Ministeriumssprecher Eichele kritisierte solche Rückschlusse. „Statt Spekulationen in die Welt zu setzen und vorschnell Konsequenzen zu fordern, sollte das Ergebnis der Untersuchungen abgewartet werden“, sagte er. Noch sei offen, wo in der Lebensmittelkette es zu einer Verunreinigung gekommen sei. „Erst wenn die genaue Ursache bekannt ist, können wir seriös über Maßnahmen sprechen.“
Nach den bisherigen Erkenntnissen wurden die verdächtigen Erdbeeren nach ihrer Ankunft im Hamburger Hafen über einen Großhändler aus Sachsen in mehrere ostdeutsche Zentralküchen für Schulessen geliefert. In den Einzelhandel sind die Früchte wahrscheinlich nicht gelangt. Alle verdächtigen Lieferungen sind inzwischen gesperrt oder werden zurückgerufen. Fraglich ist noch, ob die gesamte 44-Tonnen-Fracht aus China möglicherweise verunreinigt ist - oder nur einzelne Chargen.
Höchstwahrscheinlich gelangten die Erdbeeren als Kompott in die Schulkantinen. Das Berliner Robert Koch-Institut (RKI) hat inzwischen in Thüringen, Sachen und Berlin mehr als 100 Schüler - sowohl gesundgebliebene als auch zuvor erkrankte - nach ihren Mahlzeiten gefragt. In vielen Fällen habe sich ein deutlicher Zusammenhang zu Erdbeerkompott ergeben, teilte das RKI am Samstag mit.
So stand in sächsischen Schulen zum Beispiel am 24. September „Grießbrei mit Erdbeerkompott und Kirschen, dazu Zucker und Zimt“ auf dem Speiseplan. Schüler, die diesen Nachtisch wählten, erkrankten auch. Vermutet wird auch, dass Kitas und Schulen, die das Kompott zuvor erhitzten, nicht betroffen waren. Das Erhitzen tötet Keime wie Noro-Viren ab, die hinter dem Ausbruch vermutet werden.
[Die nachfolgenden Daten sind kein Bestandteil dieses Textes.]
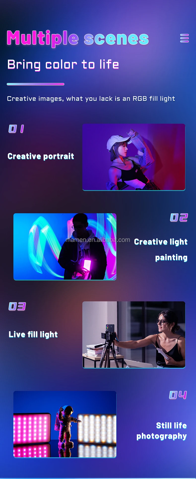 This professional photographic lighting panel offers high-quality fill light with a 95CRI rating, ensuring accurate and vibrant color reproduction in your photos and videos. Featuring adjustable RGB lighting, it provides versatile illumination that can be customized for various shooting scenarios. Ideal for content creators and photographers who demand reliable, top-tier lighting to enhance their work with clear, true-to-life visuals. Its popularity on TikTok reflects its effectiveness and user-friendly design.

Sie gelten als besonders kälteresistent und hitzebeständig. Ob sie wirklich die Übeltäter waren, war noch offen. Auch bakterielle Toxine werden im Moment weiter nicht ausgeschlossen.
In welche Staaten die verdächtigen Erdbeeren vielleicht noch geliefert wurden, soll auf EU-Ebene geklärt werden - um weitere Ausbrüche möglichst zu verhindern.